Некоторые ребята смеялись себе под нос, потому что всегда лучше быть на стороне того, кто выигрывает, а Энрикус выигрывал всегда. Поэтому они и смеялись. Я тоже иногда так делал.
– Мне их подарил… подарила мама.
– Твоя мать леденцов тебе не приносила, болван, это невозможно!
– Приносила!
– Не приносила! Ее нет в живых!
– Очень даже есть!
– Мертвецы никому леденцов не приносят, дубина, а самоубийцы тем более, уяснил, хлюпик? – И повелительно махнул рукой. – Давай сюда леденцы, живо!
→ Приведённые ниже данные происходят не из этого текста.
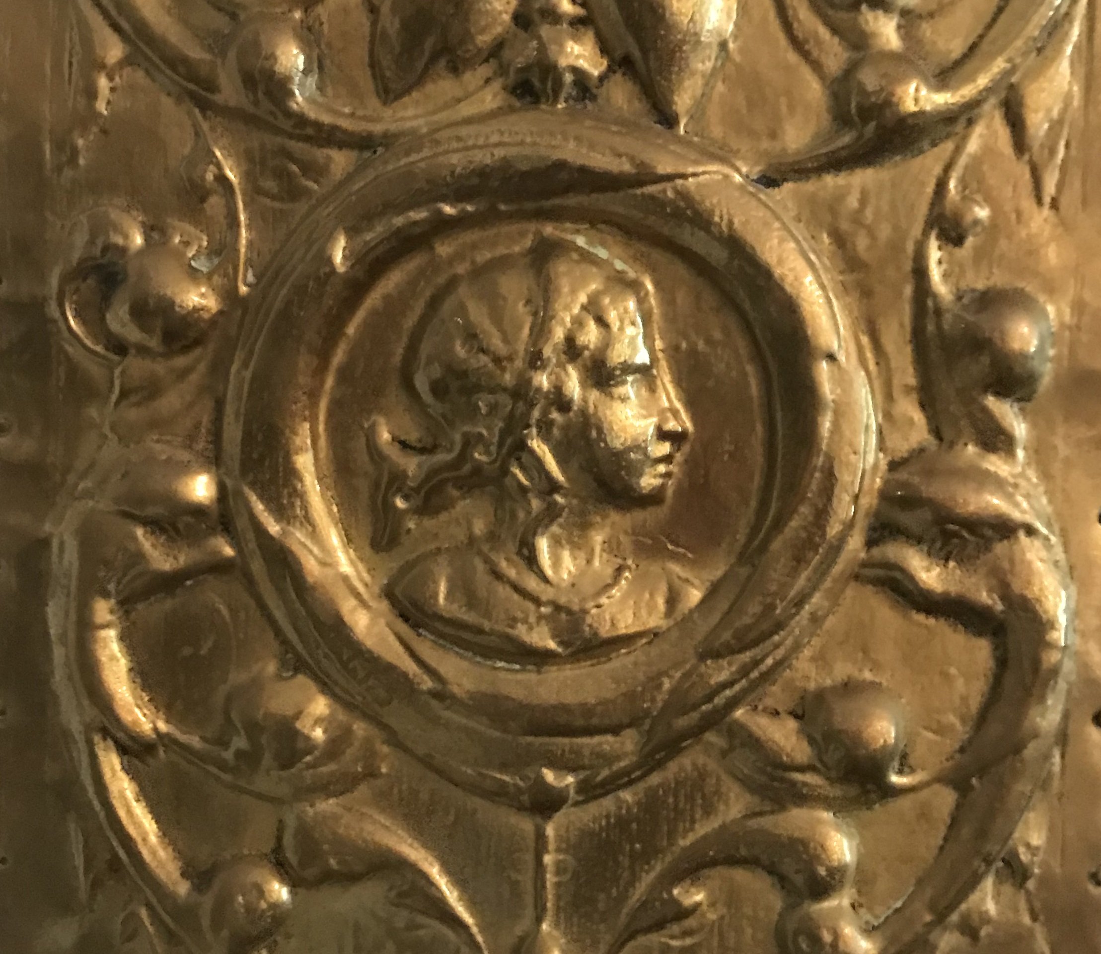PAIRE de PLAQUES en cuivre repoussé dans le goût de la Renaissance, à profils de femme et de guerrier.
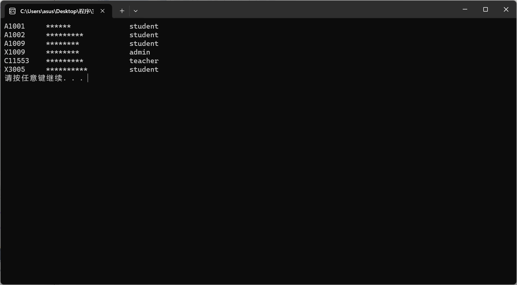 #include <stdio.h> #include <string.h> #include<stdlib.h> enum Role {admin, student, teacher}; typedef struct { char username[20]; // 用户名 char password[20]; // 密码 enum Role type; // 账户类型 } Account; // 函数声明 void output(Account x[], int n); // 输出账户数组x中n个账户信息,其中,密码用*替代显示 int main() { Account x[] = {{"A1001", "123456", student}, {"A1002", "123abcdef", student}, {"A1009", "xyz12121", student}, {"X1009", "9213071x", admin}, {"C11553", "129dfg32k", teacher}, {"X3005", "921kfmg917", student}}; int n; n = sizeof(x)/sizeof(Account); output(x, n); system("pause"); return 0; } // 待补足的函数output()实现 // 功能:遍历输出账户数组x中n个账户信息 // 显示时,密码字段以与原密码相同字段长度的*替代显示 void output(Account x[], int n) { int i,k; char pass[20],typ[3][10]={"admin", "student", "teacher"}; for(i=1;i<=n;i++) { for(k=0;x[i-1].password[k]!=0;k++) { pass[k]='*'; } pass[k]=0; printf("%-10s%-20s%s\n",x[i-1].username,pass,typ[x[i-1].type]); } }
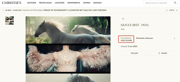 案例參考:作為第一家發布自己的 NFT 的時尚品牌Gucci,在成立百年之際推出了以Aria系列為靈感的時尚電影NFT,起拍價是2000美元,而最終成交價格達到25,000美元,是起拍價的10多倍。

На следующий день мы мылись в душе, так как была суббота, и ухо у меня было все еще распухшее, а Энрикус подгонял ребят свистками, чтобы не задерживались, загонял под душ тех, кто не вымылся как следует, мылил какие-то шеи. Он стал меня ощупывать и сказал, если будешь хорошим мальчиком, я больше никогда не буду драть тебя за уши. И я до конца был хорошим мальчиком, но он не вернул мне мамины леденцы. Однако слово свое он сдержал: с того дня он за уши меня уже не драл, зато награждал подзатыльниками, от которых голова болела страшно; просто раскалывалась. А монахини молча пролетали мимо нас по коридорам, даже сестра Матильда, и никто не слышал, как я плачу оттого, что Энрикус меня лапает и бьет, и что же папа ко мне никогда не приходит. И ни за что на свете мне не хотелось встретиться с дьявольским взглядом настоятельницы. А мои друзья, с присущим им тактом, как-то раз, когда рядом никого не было, пихнув друг друга локтем в бок, решили, что пусть лучше Томас задаст мне те вопросы, которых я так страшился.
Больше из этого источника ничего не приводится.